San
Blas fue obispo de Sebaste a comienzos del siglo IV, y sufrió la persecución de
Licinio, el colega del emperador Constantino. Puede, pues, considerarse como
uno de los últimos mártires cristianos de esa época. Era el año 316. Parece que
San Blas, siguiendo la advertencia del Evangelio, huyó de la persecución y se
refugió en una gruta. La Tradición nos presenta al anciano obispo rodeado de
animales salvajes que lo visitan y le llevan alimento; pero como los cazadores
van detrás de estos animales, el santo fue descubierto y llevado amarrado como
un malhechor a la cárcel de la ciudad. A pesar de los prodigios que el santo
hacía en la cárcel, lo llevaron a juicio y como no quiso renegar de Cristo y
sacrificar a los ídolos, fue condenado al martirio: primero lo torturaron y
después le cortaron la cabeza con una espada. Se conoce en su Pasión que
mientras llevaban al santo al martirio, una mujer se abrió paso entre la
muchedumbre y colocó a los pies del santo obispo a su hijo que estaba muriendo
sofocado por una espina de pescado que se le había atravesado en la garganta.

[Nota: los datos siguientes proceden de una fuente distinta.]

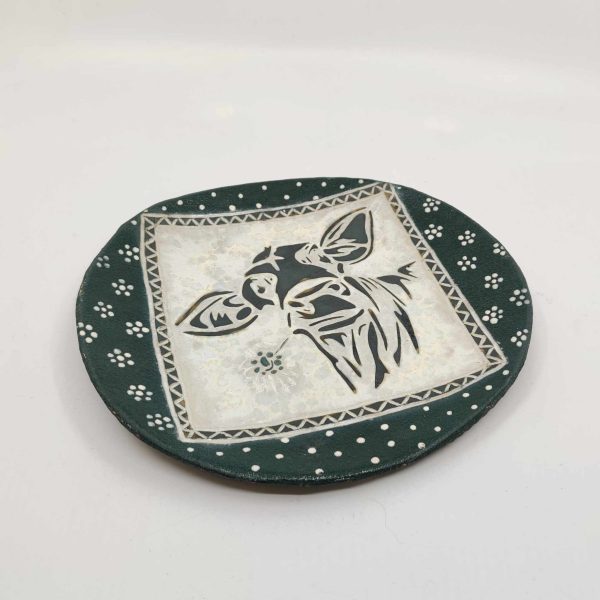 Ümar vaagen, mille läbimõõt on ~ 20,5 – 19 cm. Vaagen on kaetud must ja rohelise angoobiga, seejärel läbipaistva glasuuriga. Toode on valminud käsitööna, võib esineda konarusi vms.

San Blas puso sus manos sobre la cabeza del niño y permaneció en oración. Un
instante después el niño estaba completamente sano. Este episodio lo hizo
famoso como taumaturgo en el transcurso de los siglos, y sobre todo para la
curación de las enfermedades de la garganta.

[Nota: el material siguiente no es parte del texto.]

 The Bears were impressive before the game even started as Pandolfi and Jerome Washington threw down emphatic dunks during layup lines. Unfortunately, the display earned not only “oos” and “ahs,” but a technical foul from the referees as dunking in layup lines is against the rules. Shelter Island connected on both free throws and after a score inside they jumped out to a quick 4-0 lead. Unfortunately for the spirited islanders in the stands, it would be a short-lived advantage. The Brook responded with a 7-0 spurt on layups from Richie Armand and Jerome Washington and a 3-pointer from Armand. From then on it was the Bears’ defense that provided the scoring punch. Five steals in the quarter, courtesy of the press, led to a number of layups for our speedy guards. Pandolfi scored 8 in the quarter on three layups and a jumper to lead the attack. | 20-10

Al recordarlo en su día, le pidamos a San Blas que nos proteja
de las enfermedades de la garganta, pero sobre todo que nos proteja de las
afecciones espirituales de la garganta, las afecciones que nos hacen hablar a
espaldas de nuestros prójimos, o descubrir sus defectos, o faltar a la caridad
de diversas formas, hablando mal de nuestro prójimo. Le pidamos a San Blas que
bendiga nuestras gargantas para que de ellas solo salgan palabras de bendición,
de misericordia, de paz, de reconciliación, de perdón, para con nuestro prójimo
y de amor y de piedad para con Dios.